]Mark Dickinson <dickinsm@gmail.com>]
Division may still be problematic.
Heh. I'm half convinced that heavy duty bigint packages are so often written in assembler because their authors are driven insane by trying to trick C compilers into generating "the obvious" machine instructions needed. An alternative to HW division is to multiply by a scaled integer reciprocal instead, but it's very delicate to get all cases right. GMP heavyweights Niels Moller and Torbjorn Granlund wrote up the most efficient I've seen of this ilk in their paper "Improved division by invariant integers". It requires a single x single -> double multiply, and another but only the low bits from that one, to get the right quotient and remainder. Ironically, it would run faster if CPython used all 32 bits of its internal digits - some operations in their algorithm are expected to overflow at times (including + and -!), andi it's crucial that they be done modulo the base in use.

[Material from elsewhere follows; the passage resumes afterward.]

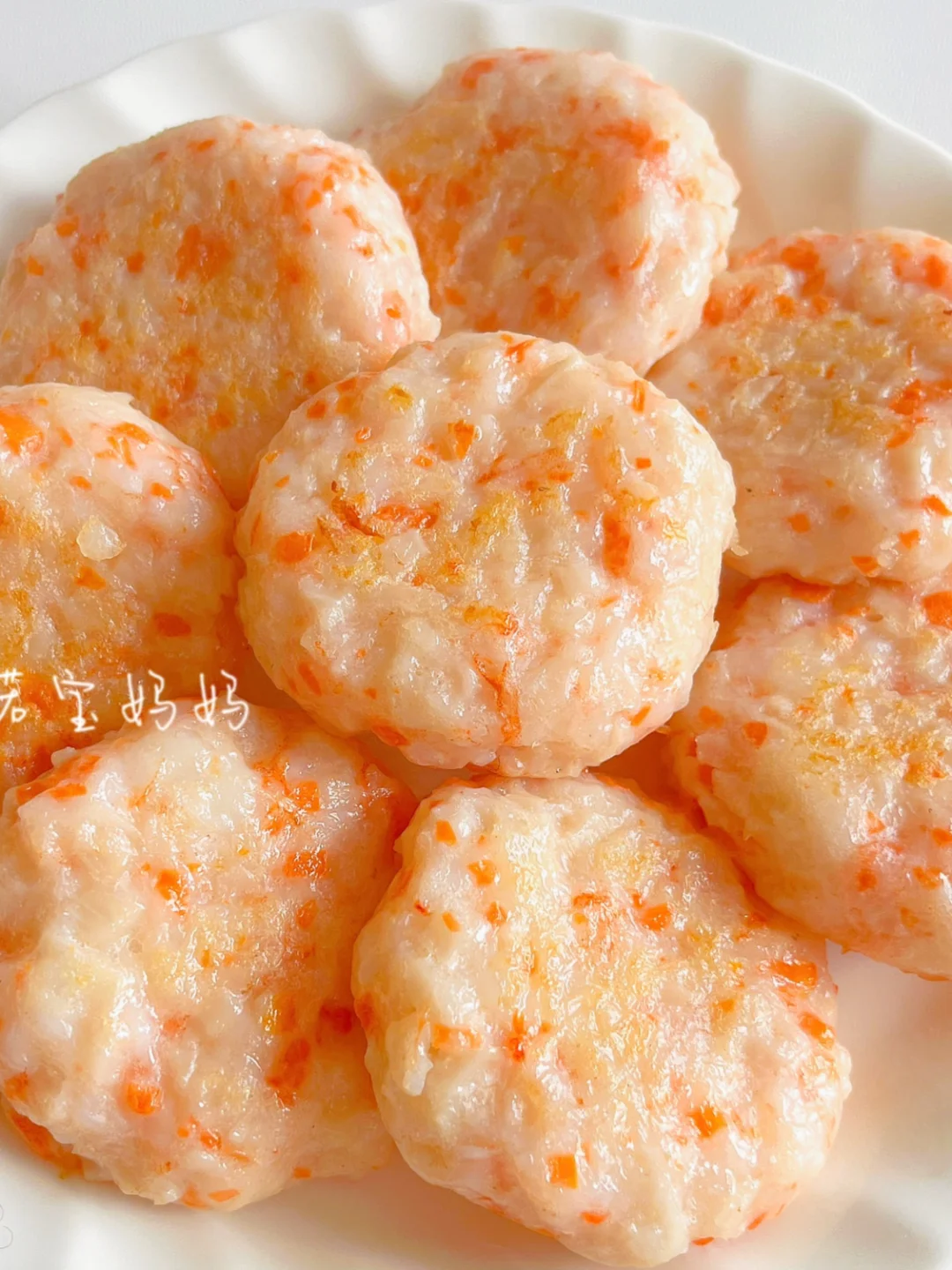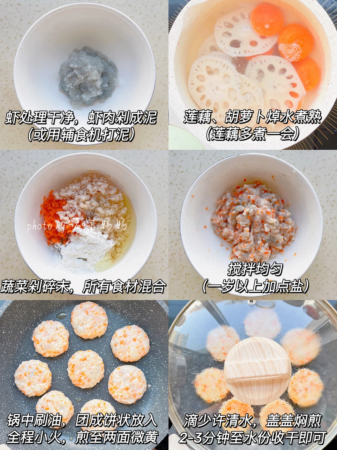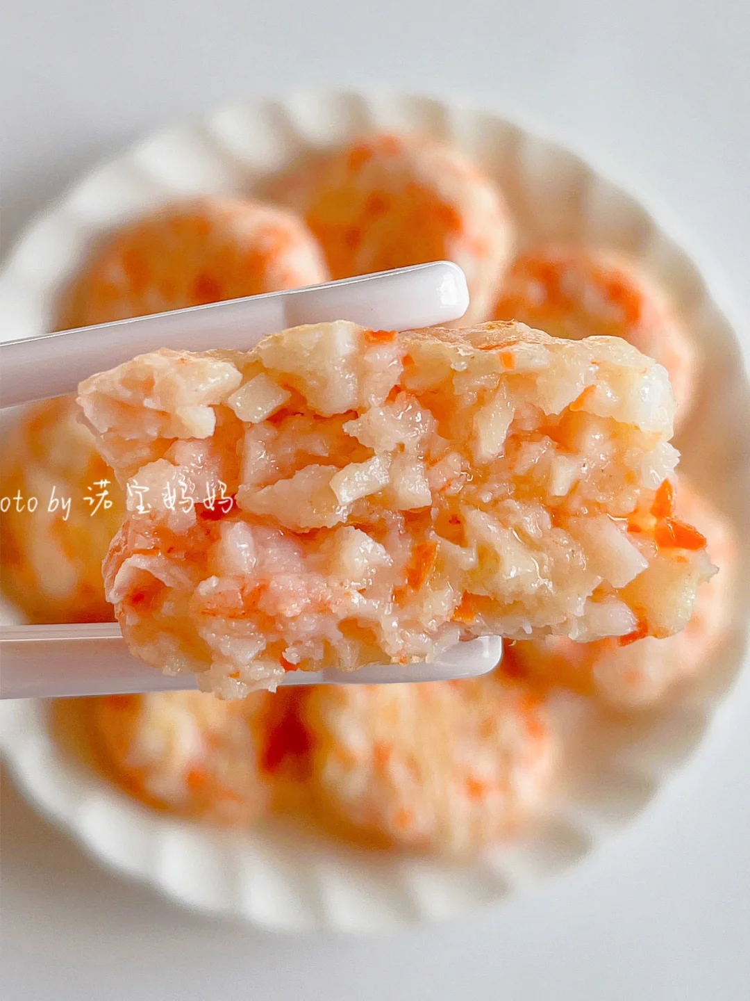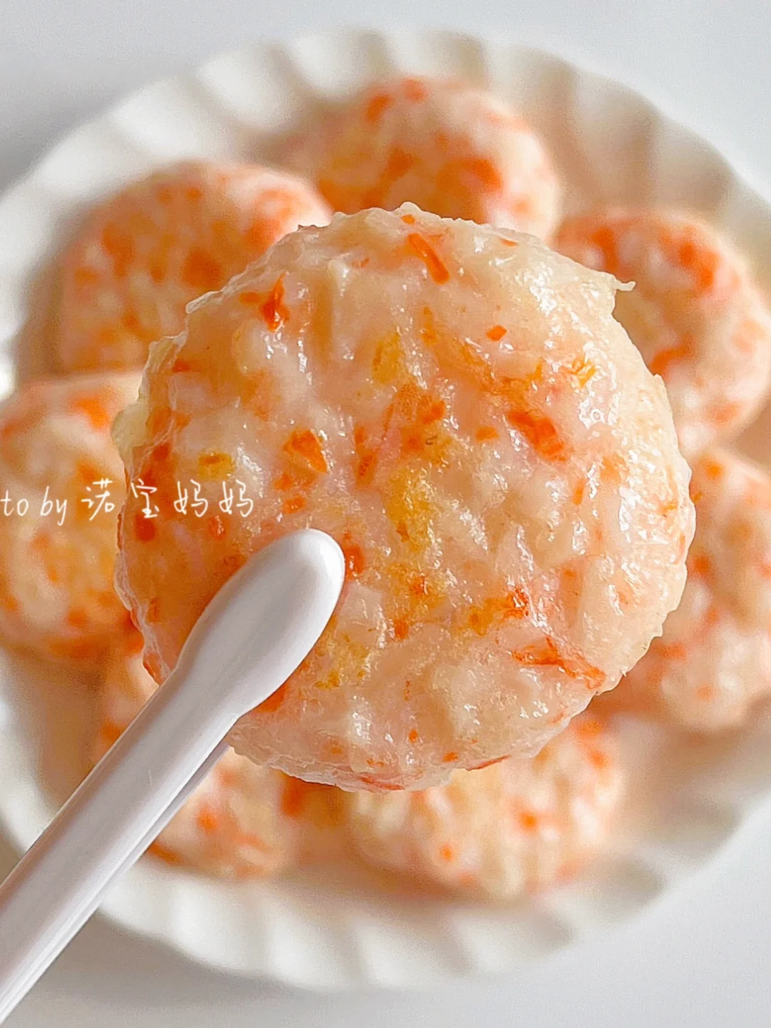 1️⃣鲜虾处理干净,虾肉剁成泥(辅食机搅打成泥)

That happens "by magic" if the base matches the unsigned type's width. They only need a single-width scaled reciprocal, which can be computed with a HW double / single -> single divide if available, or via excruciating division-free scaled integer Newton refinement. Of course the cost of computing the reciprocal once pays off each time the same denominator is used. Curiously, """ It is curious that on these processors, the combination of our reciprocal algorithm (Alg. 2) and division algorithm (Alg. 4) is significantly faster than the built in assembler instruction for 2/1 division. """ HW division may have gotten faster since then, though.

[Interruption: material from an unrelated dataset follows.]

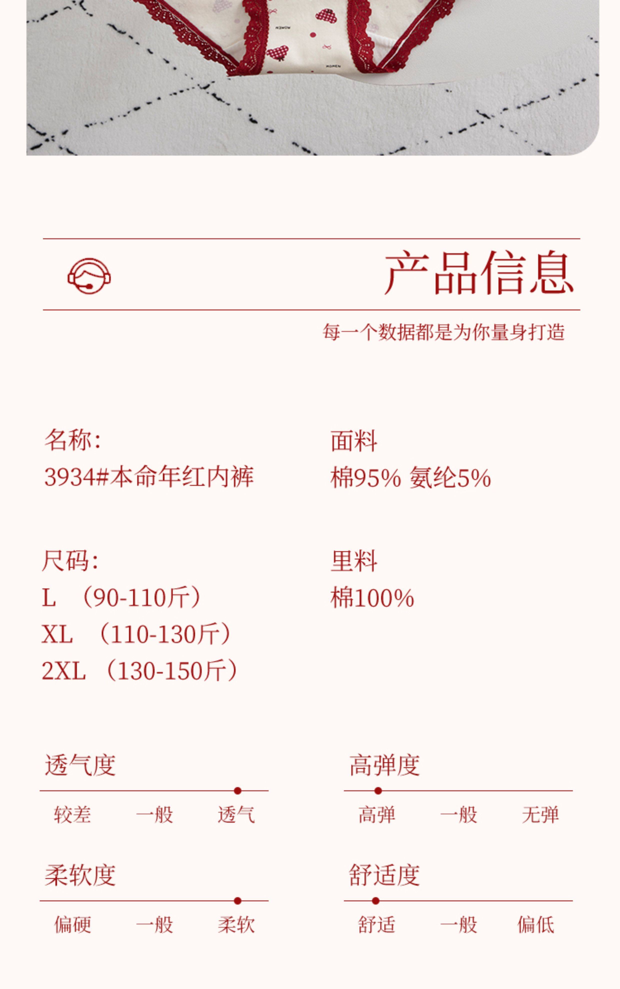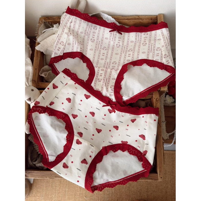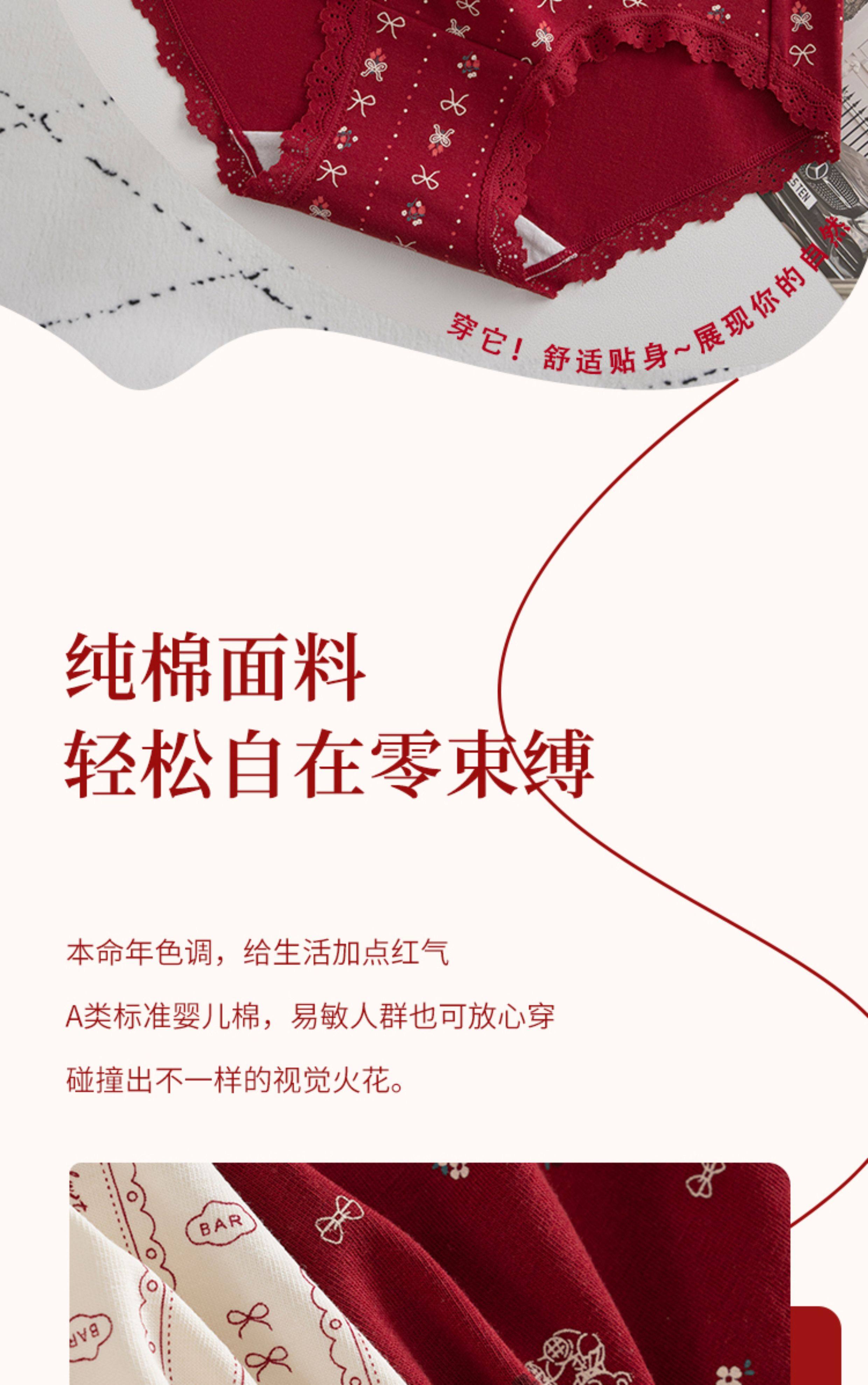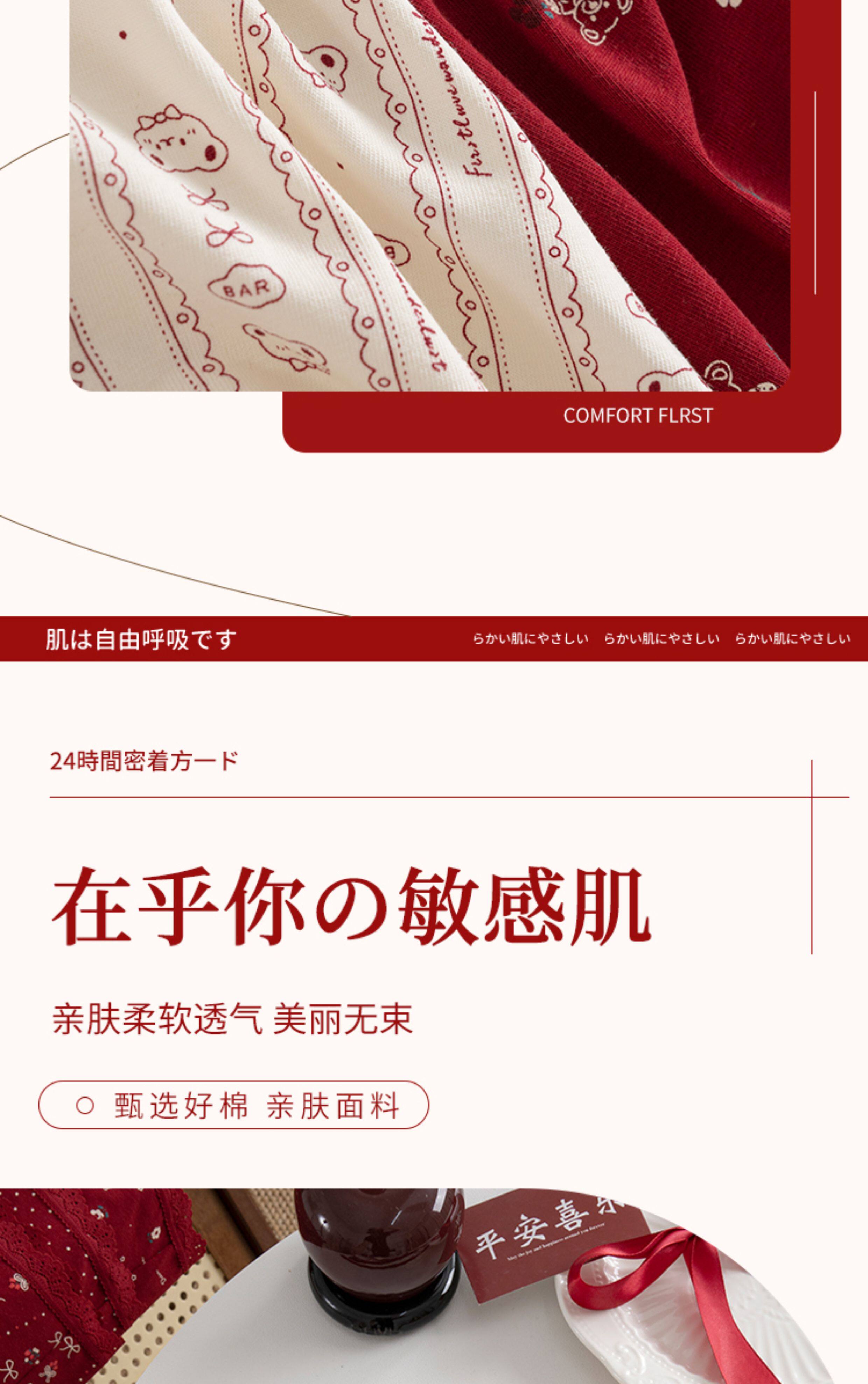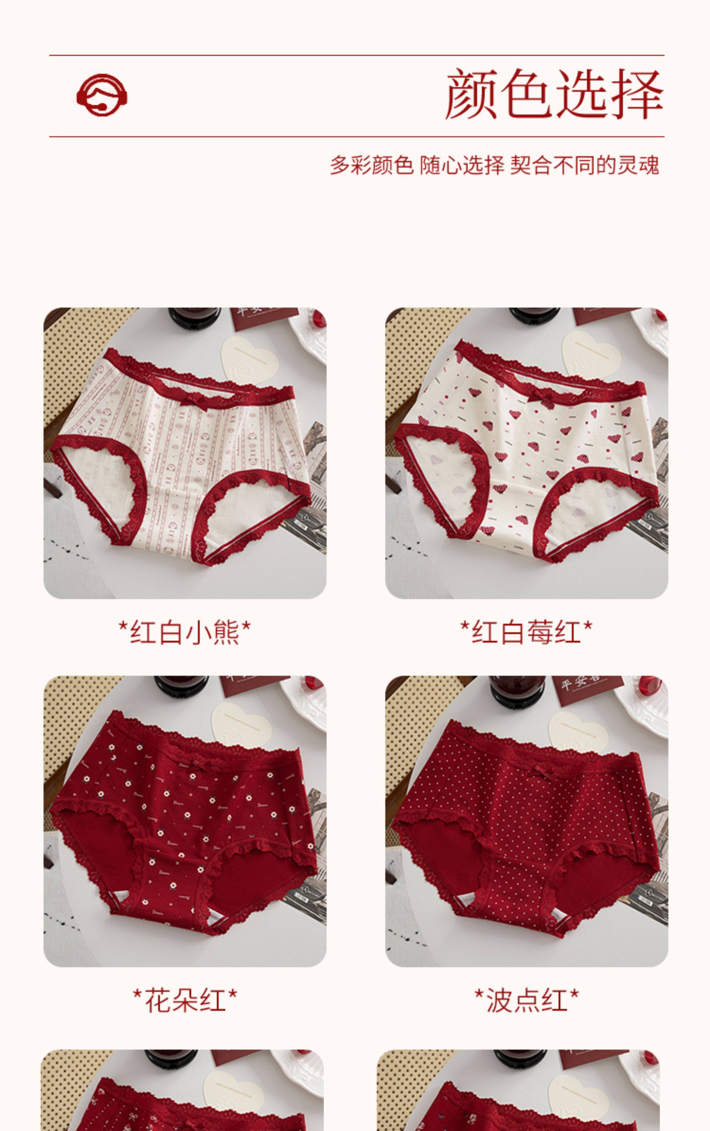 本命年馬年蕾絲邊可愛卡通純棉聖誕紅色內褲新娘結婚加長襠三角褲

On that note: Python divisions are somewhat crippled even on x64. Assuming 30-bit digits, the basic building block that's needed for multi-precision division is a 64-bit-by-32-bit unsigned integer division, emitting a 32-bit quotient (and ideally also a 32-bit remainder).
Which is an instance of what they mean by "2/1 division" above.
... IOW, forcing use of DIVL instead of DIVQ, in combination with getting the remainder directly from the DIV instruction instead of computing it separately, gives a 41% speedup in this particular worst case. I'd expect the effect to be even more marked on x86, but haven't yet done those timings.
... I don't know whether we really want to open the door to using inline assembly for performance reasons in longobject.c, but it's interesting to see the effect.
Indeed it is! But changing the problem to use multiplication instead may be both faster and more portable, albeit at the cost of subtler code.